9. Go feral. Rather than “perennial vegetables,” which are notoriously low yield (and often not too palatable) make your garden easy-care by planting vegetable types which are likely to reproduce abundantly and go wild in your location. Then, allow them to complete their full life cycle so that they provide you with abundant offspring!
10. Group similar needs together. Put drought-tolerant black-eyed peas with drought-tolerant Mediterranean herbs. Put high-water lettuces with other high-water plants. Observe microclimates and use them as a tool. If a tall tree gives you a shady spot, use that as the place for summer lettuces and leafy vegetables. If you have bright searing sun, use that spot for heat-loving peppers and drought-tolerant vegetable varieties.
11. Go vertical. Use trellises to train vines upward so that you can plant underneath. Use forest garden layering to grow food in 3 dimensions rather than just on a flat plane.
12. Use containers to supplement your garden space. You can increase the square footage of your growing area by clustering pots together in corners of a patio or along walkways.
13. Pick functional flowers like beneficial insect attractant flowers and edible flowers. Let some vegetables go to seed -- their flowers are pretty, they bring in “the good bugs,” plus you’ll have a sustainable source of vegetable seed. Also consider colored heirloom vegetable plants – like red-leafed lettuces, rainbow chard, or purple-podded snowpeas – rather than just ornamental flower plants.

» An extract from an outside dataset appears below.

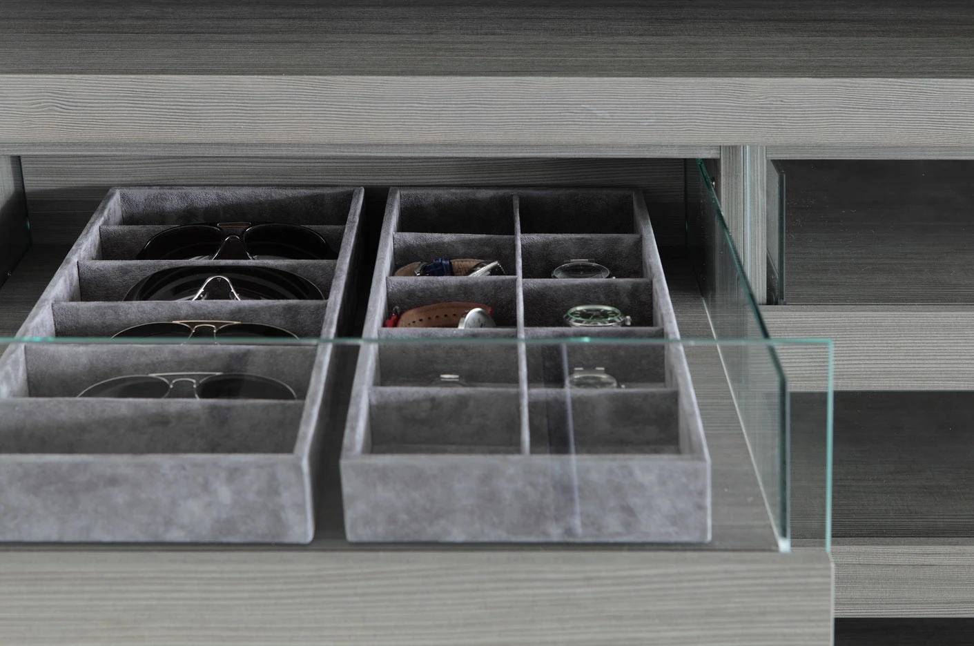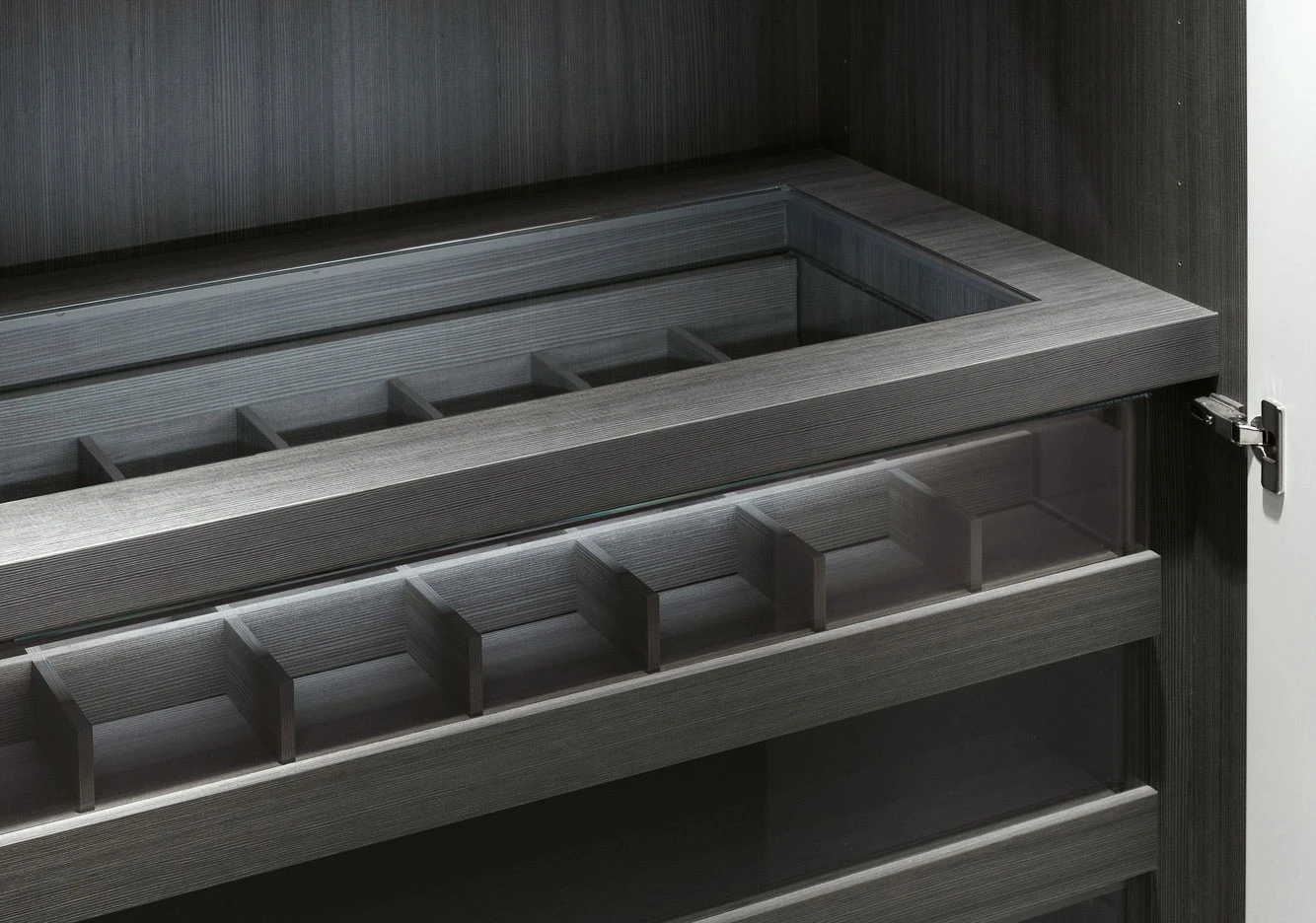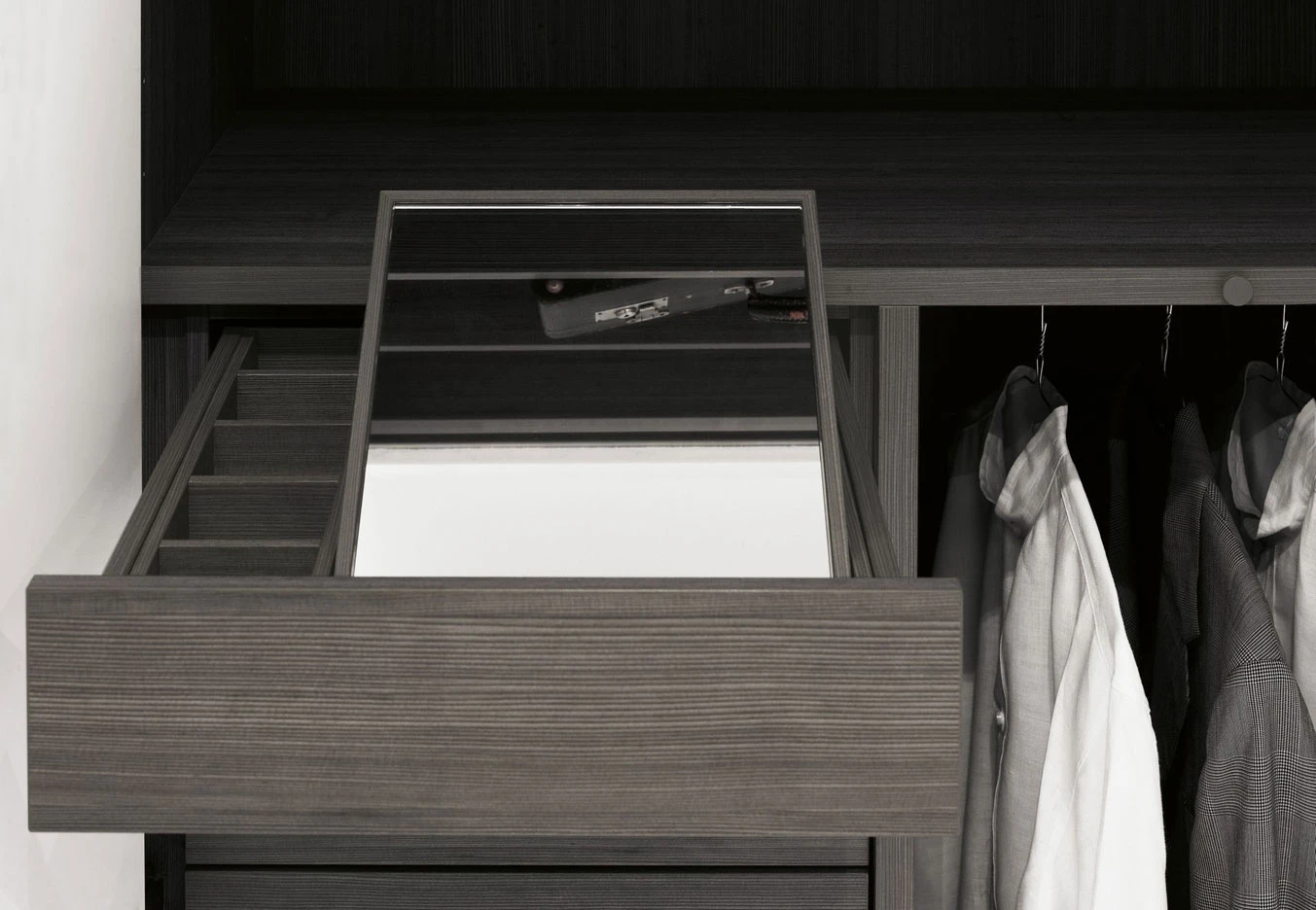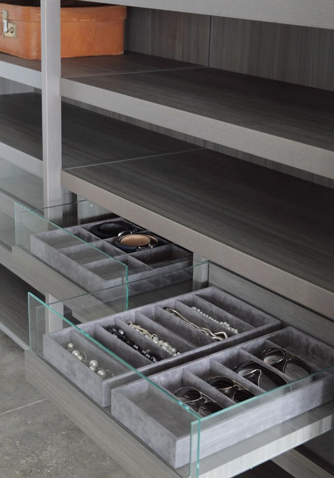 Storage, the unit system holding and displaying objects naturally changed from wardrobe to walk-in closet, is enriched in 2012 with a new series of interior fittings and accessories, as it was never so simply to tide up your own dressing but inviting and welcoming as well. The new internal LED light with an optical sensor, the new glass shelf framed by a wood profile, only partially hiding its content, the new bag-holder units, the fabric boxes to be held inside drawers to be used as glasses, necklace or belt cases, up to the tie hook. Last but not least the bending shelf, available in a Storage new thickness, 43 cm, as to provide for the same elegance and efficiency which always allowed this bedroom program to stand out, even in the small spaces within modern houses. As for the doors, first of all a new push-pull opening is finally available, the buttonhole of the Modern system, with no handle any longer, but simply leaving a small round imprint, a pleasant graphical sign for a higher visual cleanness.

14. Use art and design principles. In your layout, use symmetry and asymmetry. Notice how vegetable leaves and plant structure provide enormous varieties of color, texture, and form. Undulate your pathway lines. Go 3D. Use the open space of patios and living space, and offset it with intensely-filled vegetable beds.
15. Make it a space you want to visit often. And do so! Rather than marathon backbreaking sessions once-in-a-while, give your garden short tender-loving-care sessions on a set, regular schedule.